Die erste Großattraktion der man über den Weg läuft ist die Wildwasserbahn Anaconda aus dem Hause Mack. Diese verfügt über drei Schussfahrten nicht gerade geringer Höhe und wurde wunderbar mit den Parkgelände, sowie den Wartebereichen der Wildwasserbahn in Verbindung gebracht. Der Nässegrad wirkte von außen recht trocken, auf eine Fahrt am Anfang des Tages wurde leider verzichtet, einige Stunden später stand man hier eine halbe Ewigkeit.

Tren de Potosi

Einige Meter weiter findet man in Isla Mágica die erste Achterbahn des Parks, den Tren de Potosi. Diese Achterbahn der Firma C&S ist einem Big Apple recht nah, verfügt jedoch nach den, hier wenigstens, lustigen Hügeln eine Abwärtshelix. Die Fahrt selbst macht durchaus Spaß und ist nicht nur für die Countschlampen eine Bereicherung.

Llamas

Bis man auf die nächste Attraktion trifft vergeht ein recht langer Fußmarsch, umso enttäuschter ist man das die Llamas nur von Kindern beritten werden dürfen, immerhin ist diese Anlage für eine elektronische Pferdereitbahn sogar recht originell geraten.

Iguazu

Direkt daneben findet sich mit Iguazu ein Spillwater von Intamin, der zwar seine Umgebung sehr gut ausnutzt, aber absolut nichts kann. Von dem Wasser, welches das Boot (im übrigen die gleiche Bauweise wie bereits aus dem Parque de Atracciones de Madrid bekannt) zur Seite lenkt bekommt man im Boot selbst höchstens Tröpfchen ab.

Jaguar

In einer Sackgasse befindlich kann man die zweite Achterbahn des Parks fahren.
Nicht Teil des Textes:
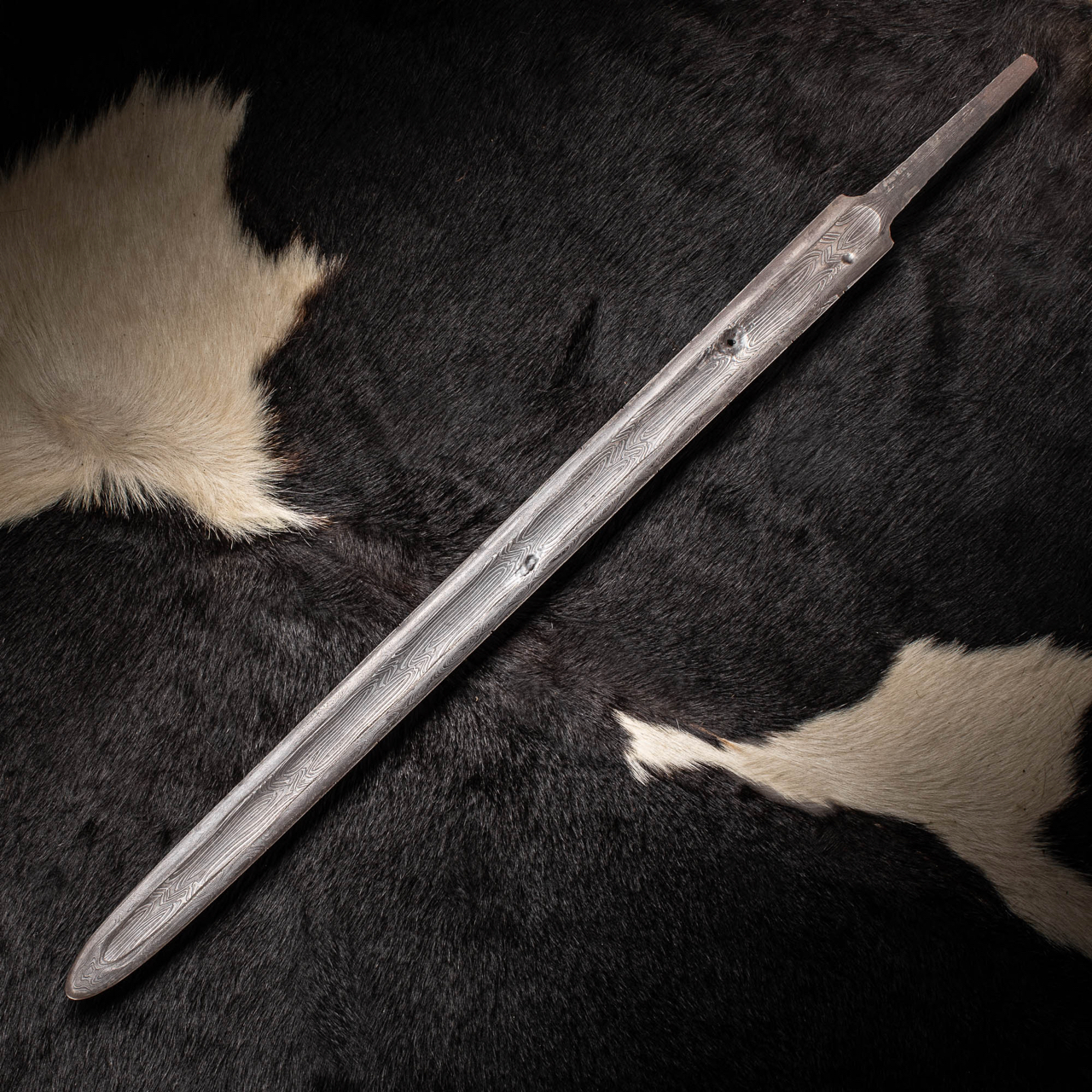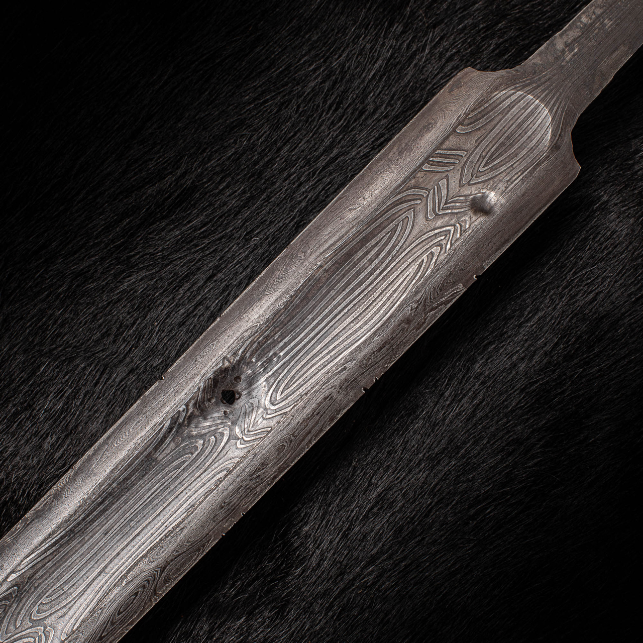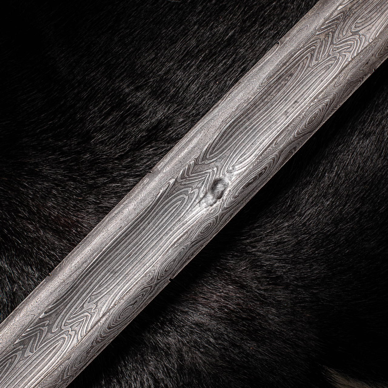 This is a 31″ long sword blade with a fullered section. It would be an appropriate blade for a broad and sturdy early Migration period or Saxon blade. The blade is constructed from 3 intermittently twisted core bars showing alternate straight and twisted sections. The 3 steels used in its construction can be seen as bright layers and 2 darker shades. There is a high layer Damascus steel edge.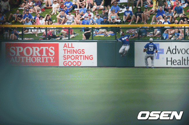 4회말 LA 다저스 푸이그가 시카고컵스 앤서니 리조의 타구를 몸을 날려 잡아내고 있다.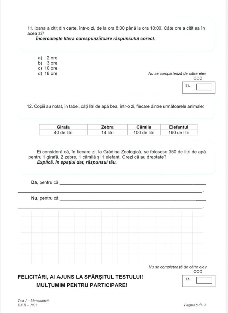 Citește și: Modele subiecte Evaluare Națională 2023. Cum arată testele de antrenament pentru elevii claselor a VIII-a?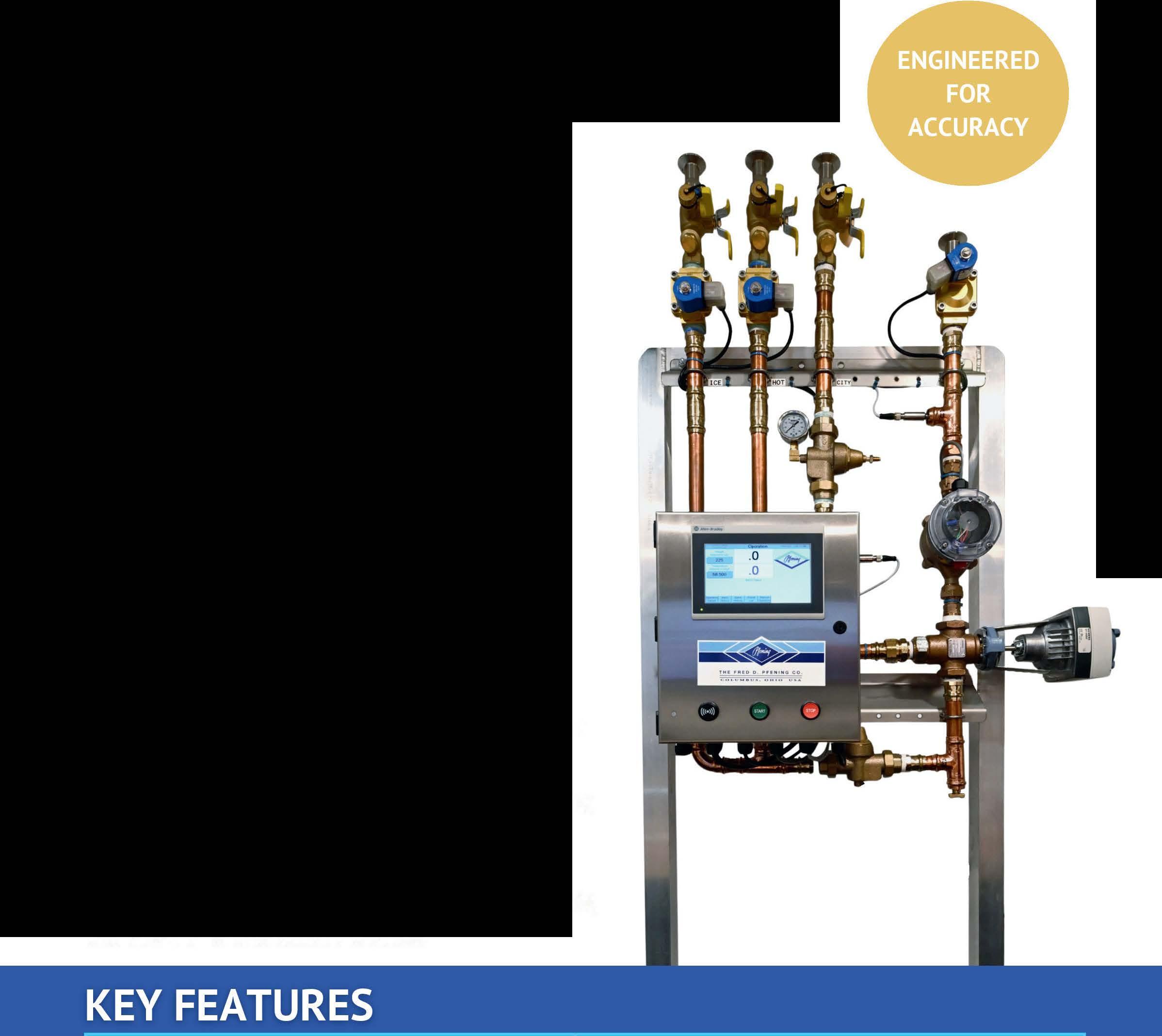 Pfening's new generation Enviroblender (EBM 7) brings unmatched precision and sustainability to your process. With a true plug-and-play design, this rugged system ensures accurate water metering, consistent temperature blending, and zero waste operation, saving resources and streamlining production.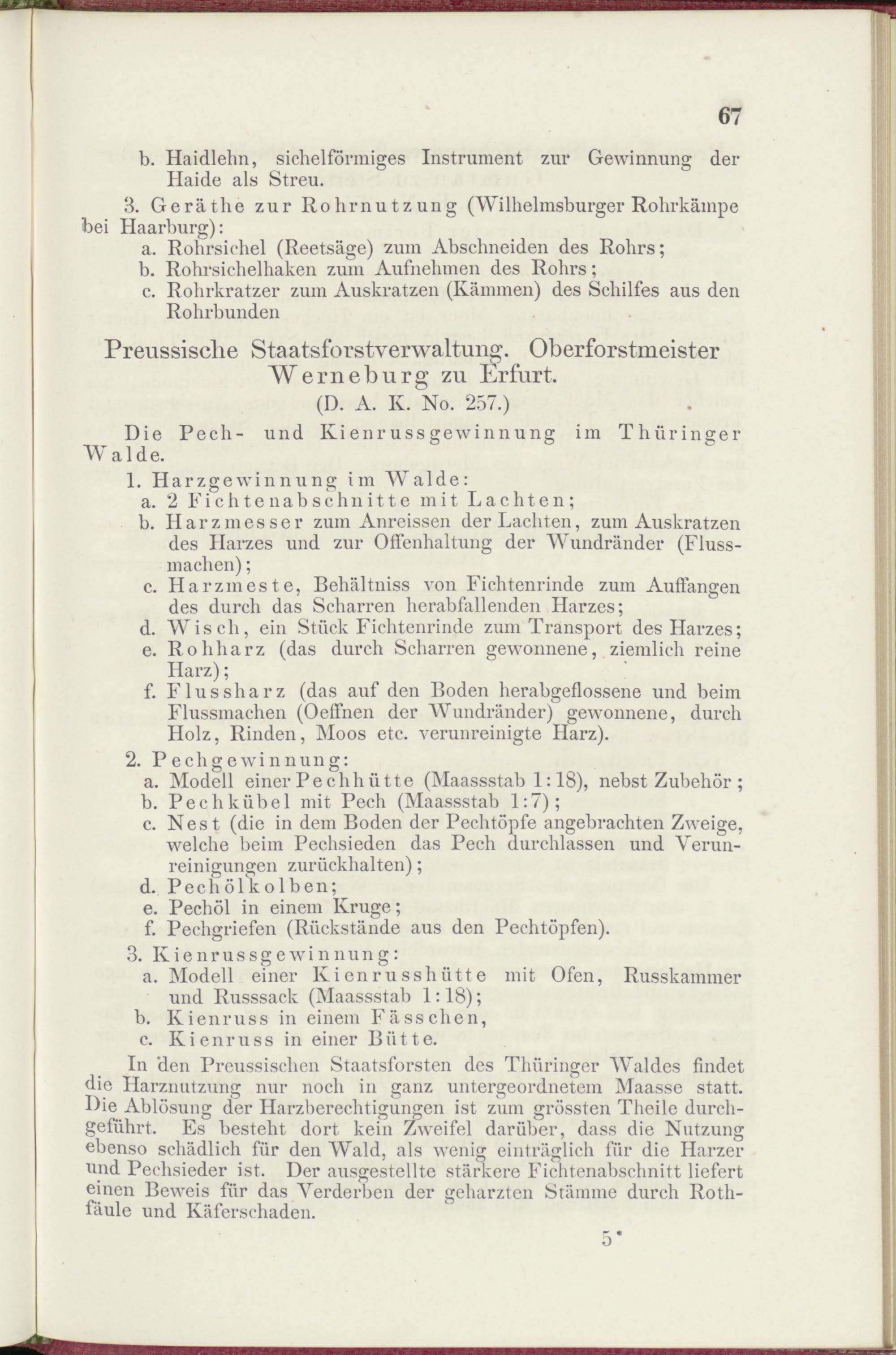In den Preussiselien Staatsforsten des Thüringer Waldes findet die Harzimtzung nur noch in ganz untergeordnetem Maasse statt. Die Ablösung der Harzberechtigungen ist zum grössten Theile durch- geluhrt. Es besteht dort kein Zweifel darüber, dass die Nutzung ebenso schädlich für den Wald, als wenig einträglich für die Harzer und Pechsieder ist. Der ausgestellte stärkere Fichtenabschnitt liefert einen Beweis für das Verderben der geharzten Stämme durch Roth- fäule und Käferschaden.
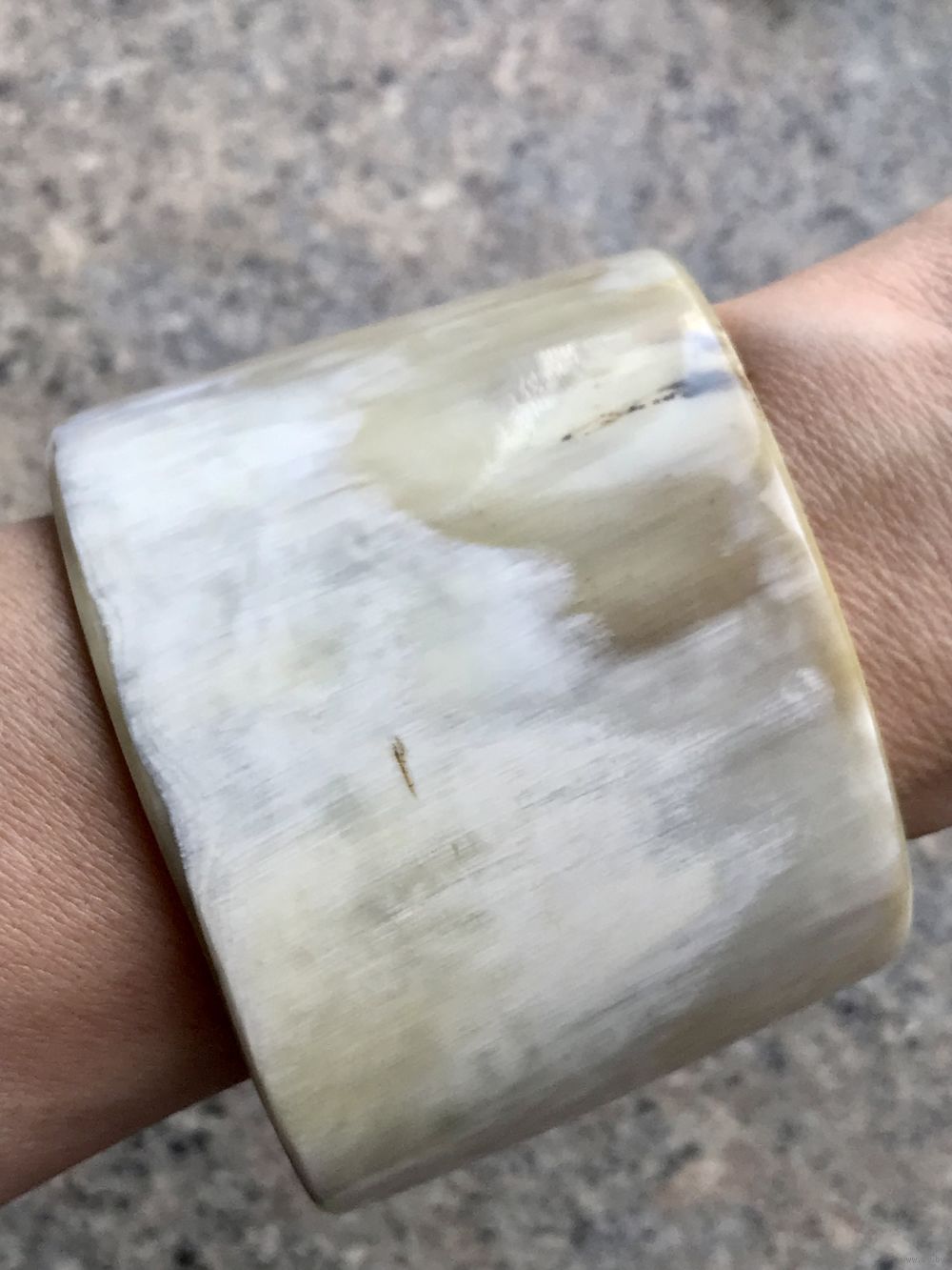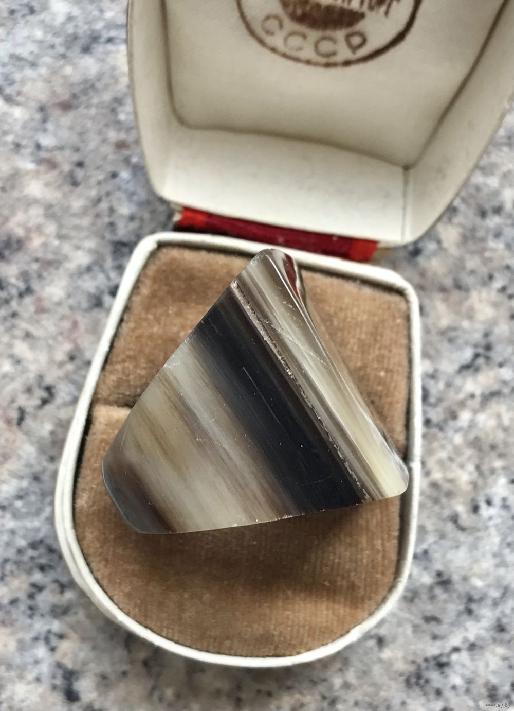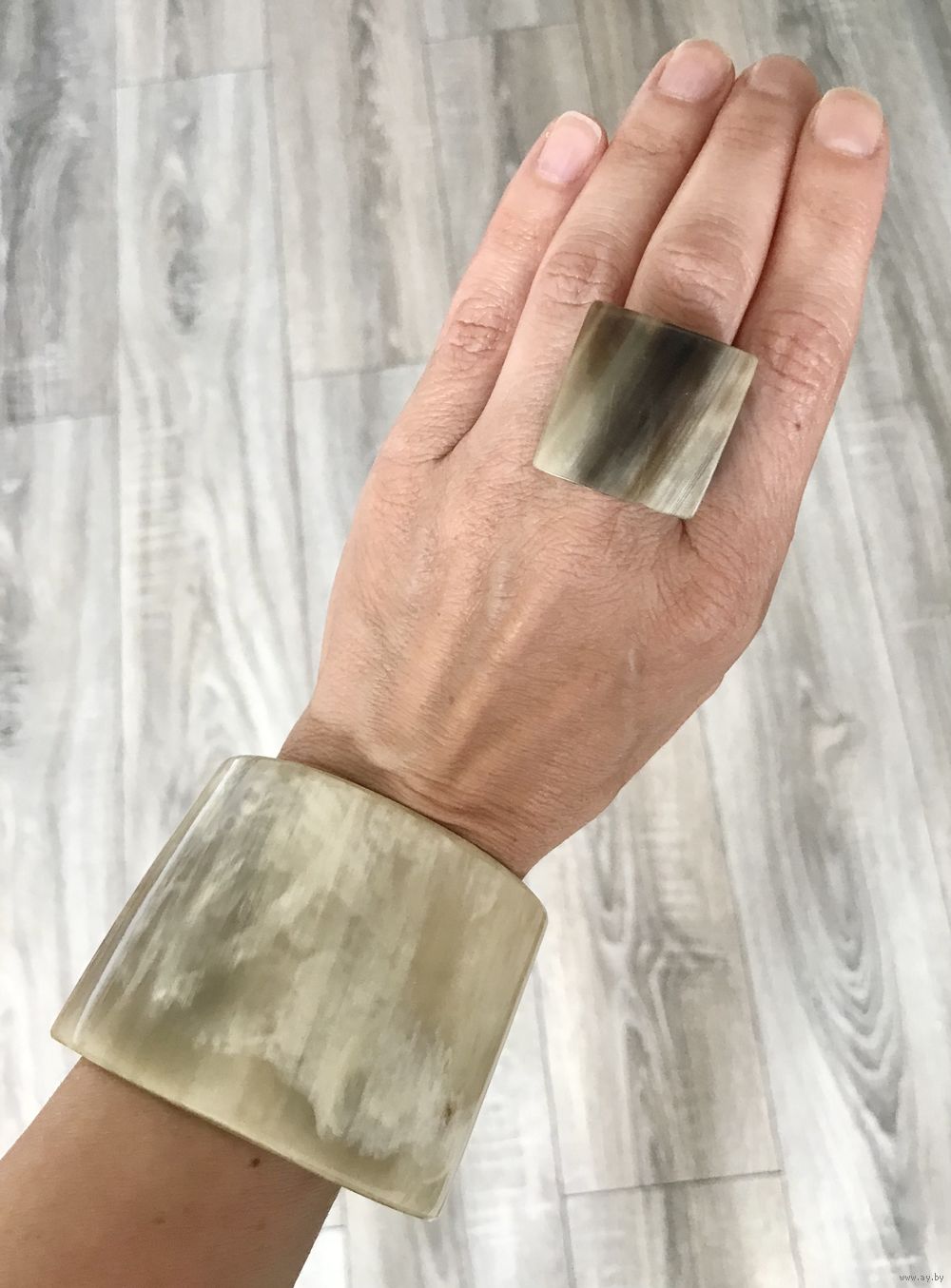 Крупный комплект из рога. Высота браслета 6см., вн. диаметр с одной стороны 6,5см., с другой 7,5см., размер лицевой части кольца 2,7см., размер 18-18,5 (на шинке с обратной стороны есть трещина, но она не сквозная).

Die als Jaguar benannte Anlage verfügt nicht nur über einen überraschend offenen Bereich unterhalb der Achterbahn, sondern auch über die neueste Zuggeneration von Vekoma. Obwohl die Bahn von der Fahrt her absolut nichts taugt und die Bonushelix nur das Prädikat nett verdient, so ist der Zug einfach nur genial. Dieser fällt nicht nur absolut bequem aus, sondern kann durch die neuen Bügel den Kopf von allen Seitenhieben bewahren. Die Westen selbst sind hier etwas bequemer als bei den MK1200 Zügen, wie sie zum Beispiel im Gardaland und Walibi Holland Gebrauch finden. Zumindest sind die Züge für jeden vernünftigen Park eine lohnenswerte Investition, nur hier in Isla Mágica absolute Verschwendung.

Capitán Balas

Vorbei an einer Teetassenbahn geht es zu einigen hässlichen Betonbauten, die noch aus dem Jahr 1992 stammen. Im Kellergeschoss eines der Gebäude befindet sich der Piraten Darkride Capitán Balas. Hierbei handelt es sich um eine interaktive Anlage von Mack, die man in ähnlicher Form auch im Avonturenpark Hellendoorn findet. Die Szenen selbst sind schön und detailliert, darüber hinaus kann man im richtigen Moment seine Insassen nass machen, im falschen Moment leider nur sich selber.

Rapidos del Orinoco

Wieder heraus aus diesem Betonkomplex, wo sich zusätzlich noch zwei Kinos befinden, geht es nun in einen Bereich wo die Vegetation scheinbar überhand genommen hat. Hier findet man mit den Rapidos del Orinoco die letzte Großattraktion des Parks und eine der schönsten Raftinganlagen Europas. Das Schönheit nicht unbedingt nass bedeutet wird einen in Europa leider zu oft bestätigt, hier ist es trotz Wasserfällen die immerhin etwas ins Boot ragen, auch der Fall. Wirklich erwähnenswert ist hier die Kurve um den Wellenflieger herum.

El Desafío und Ciklón

Neben einen Kinderland, einem Karussell und dem Power Tower El Desafío von Maurer Söhne – welcher zu unterschiedlichen Zeiten unterschiedliche Programme laufen hat, jedoch selbst im Anscheinend intensivsten weniger kann als der Prototyp im Hansa-Park –, sowie der schönen Giant Disk’o Ciklón aus dem Hause Zamperla gibt es hier im Grunde nichts mehr. Aus dem einzigen, mehr oder weniger, traditionellen Darkride des Parks wurde zwischenzeitlich ein Maze das 5€ Eintritt kostet und wohl dem Aufpreis absolut nicht wert ist, auch wenn man mit Glück am Parkeingang einen Gutschein in die Hand gedrückt bekommt, ersetzt.

Bilder Isla Mágica

Fazit Isla Mágica

Für die Theming- und Showfetischisten ist Isla Mágica sicherlich ein wirklicher guter und gelungener Park. Für alle anderen, normalen, Parkgäste ist das Angebot des Parks einfach zu niedrig und der Preis im Vergleich zu den anderen spanischen Parks einfach zu hoch gegriffen und das obwohl man bis 25 nicht mal den vollen Eintrittspreis zu zahlen hat. Auf der Rangliste der schlechtesten Freizeitparks hat er bei mir den Jaderpark von seinem Thron gestoßen, denn freiwillig möchte ich hier nicht nochmal hin.